● Your instructions: This calls for a verbatim copy of all the data, with no images carried over.

● Data block:
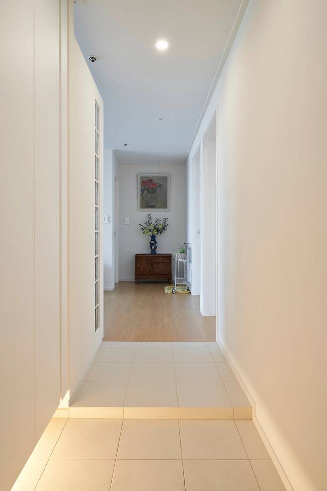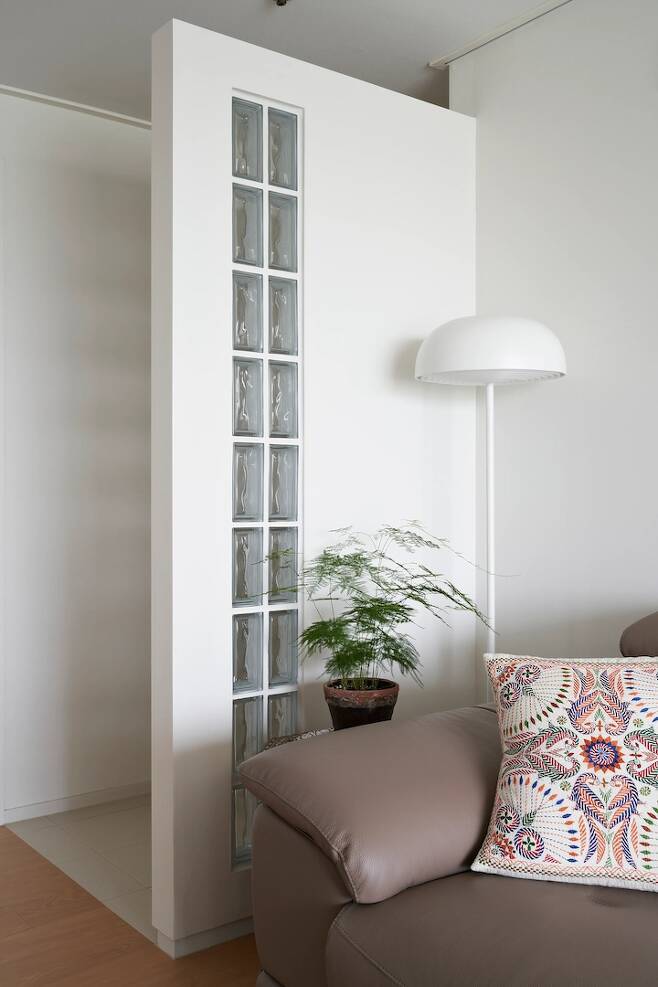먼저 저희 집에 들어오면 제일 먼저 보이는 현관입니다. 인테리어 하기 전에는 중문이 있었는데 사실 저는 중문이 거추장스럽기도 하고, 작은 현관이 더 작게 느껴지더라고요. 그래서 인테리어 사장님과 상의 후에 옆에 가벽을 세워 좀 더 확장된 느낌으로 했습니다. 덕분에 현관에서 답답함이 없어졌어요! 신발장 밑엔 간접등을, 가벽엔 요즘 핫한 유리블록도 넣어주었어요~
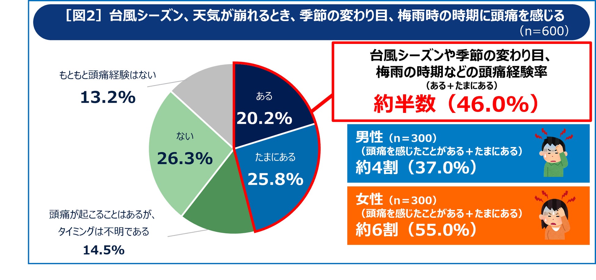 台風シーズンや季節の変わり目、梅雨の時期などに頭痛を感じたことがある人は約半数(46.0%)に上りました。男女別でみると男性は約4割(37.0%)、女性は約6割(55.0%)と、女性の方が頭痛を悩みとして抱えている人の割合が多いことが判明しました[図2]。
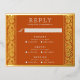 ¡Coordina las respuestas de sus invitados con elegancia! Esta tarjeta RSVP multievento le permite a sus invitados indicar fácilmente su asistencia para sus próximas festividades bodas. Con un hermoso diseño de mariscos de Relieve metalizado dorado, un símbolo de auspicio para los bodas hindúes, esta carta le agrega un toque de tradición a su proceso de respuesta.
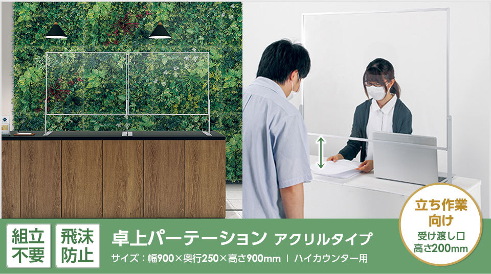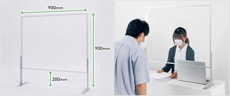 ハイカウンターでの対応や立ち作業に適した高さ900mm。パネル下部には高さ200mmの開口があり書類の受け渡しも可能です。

● Response to the exercise:
먼저 저희 집에 들어오면 제일 먼저 보이는 현관입니다. 인테리어 하기 전에는 중문이 있었는데 사실 저는 중문이 거추장스럽기도 하고, 작은 현관이 더 작게 느껴지더라고요. 그래서 인테리어 사장님과 상의 후에 옆에 가벽을 세워 좀 더 확장된 느낌으로 했습니다. 덕분에 현관에서 답답함이 없어졌어요! 신발장 밑엔 간접등을, 가벽엔 요즘 핫한 유리블록도 넣어주었어요~
 台風シーズンや季節の変わり目、梅雨の時期などに頭痛を感じたことがある人は約半数(46.0%)に上りました。男女別でみると男性は約4割(37.0%)、女性は約6割(55.0%)と、女性の方が頭痛を悩みとして抱えている人の割合が多いことが判明しました[図2]。
 ¡Coordina las respuestas de sus invitados con elegancia! Esta tarjeta RSVP multievento le permite a sus invitados indicar fácilmente su asistencia para sus próximas festividades bodas. Con un hermoso diseño de mariscos de Relieve metalizado dorado, un símbolo de auspicio para los bodas hindúes, esta carta le agrega un toque de tradición a su proceso de respuesta.
 ハイカウンターでの対応や立ち作業に適した高さ900mm。パネル下部には高さ200mmの開口があり書類の受け渡しも可能です。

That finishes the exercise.